What is required: Beginning with the line below that contains "宁证期货-双焦:周末提涨落地,供应延续下滑-251117" and ending with the line that contains "제한된 리소스를 가지고", retype every line exactly. Pictures are not copied.

Exercise materials:
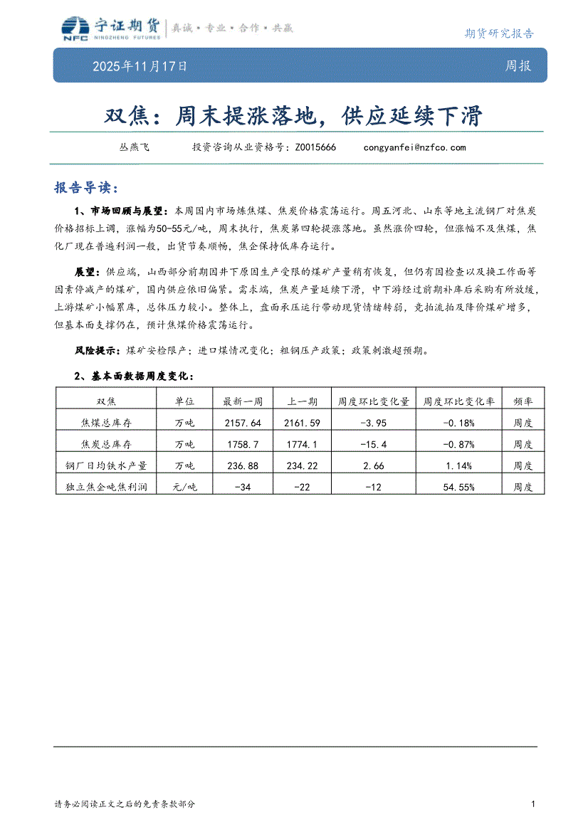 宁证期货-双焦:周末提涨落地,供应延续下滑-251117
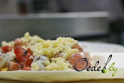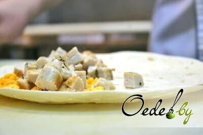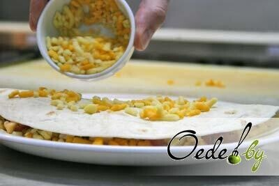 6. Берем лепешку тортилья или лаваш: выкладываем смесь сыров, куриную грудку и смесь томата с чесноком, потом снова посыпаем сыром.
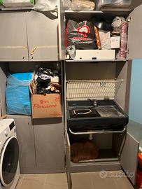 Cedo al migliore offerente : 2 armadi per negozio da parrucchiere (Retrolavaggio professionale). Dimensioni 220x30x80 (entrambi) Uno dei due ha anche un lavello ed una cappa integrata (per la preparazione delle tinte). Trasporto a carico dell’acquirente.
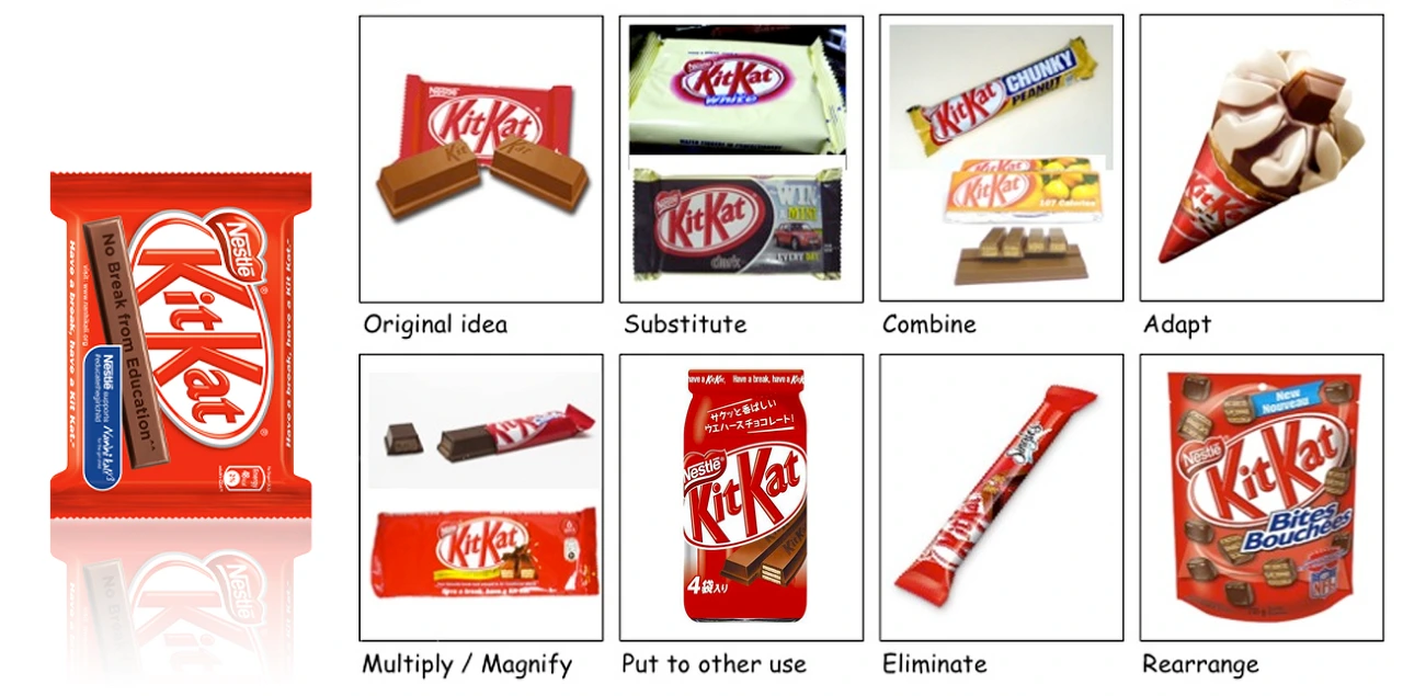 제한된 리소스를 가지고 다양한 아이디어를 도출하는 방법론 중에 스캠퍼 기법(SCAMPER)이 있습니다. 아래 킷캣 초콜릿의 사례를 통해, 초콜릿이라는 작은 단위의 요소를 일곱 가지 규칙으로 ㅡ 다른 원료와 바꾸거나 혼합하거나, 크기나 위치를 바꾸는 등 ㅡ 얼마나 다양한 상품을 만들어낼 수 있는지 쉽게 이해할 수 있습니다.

* * *

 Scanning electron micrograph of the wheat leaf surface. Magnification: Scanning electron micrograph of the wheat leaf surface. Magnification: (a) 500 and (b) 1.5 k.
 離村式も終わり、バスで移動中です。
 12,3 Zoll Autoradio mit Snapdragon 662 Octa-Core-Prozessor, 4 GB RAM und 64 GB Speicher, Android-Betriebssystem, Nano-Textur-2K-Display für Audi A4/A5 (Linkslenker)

==

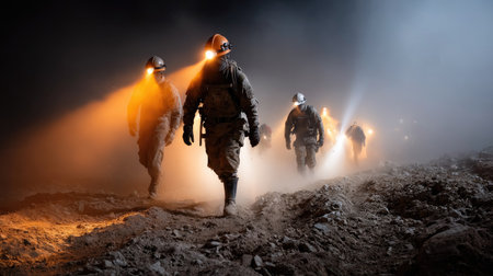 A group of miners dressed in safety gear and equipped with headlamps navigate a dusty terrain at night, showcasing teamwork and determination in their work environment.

Response area:
 宁证期货-双焦:周末提涨落地,供应延续下滑-251117
 6. Берем лепешку тортилья или лаваш: выкладываем смесь сыров, куриную грудку и смесь томата с чесноком, потом снова посыпаем сыром.
 Cedo al migliore offerente : 2 armadi per negozio da parrucchiere (Retrolavaggio professionale). Dimensioni 220x30x80 (entrambi) Uno dei due ha anche un lavello ed una cappa integrata (per la preparazione delle tinte). Trasporto a carico dell’acquirente.
 제한된 리소스를 가지고 다양한 아이디어를 도출하는 방법론 중에 스캠퍼 기법(SCAMPER)이 있습니다. 아래 킷캣 초콜릿의 사례를 통해, 초콜릿이라는 작은 단위의 요소를 일곱 가지 규칙으로 ㅡ 다른 원료와 바꾸거나 혼합하거나, 크기나 위치를 바꾸는 등 ㅡ 얼마나 다양한 상품을 만들어낼 수 있는지 쉽게 이해할 수 있습니다.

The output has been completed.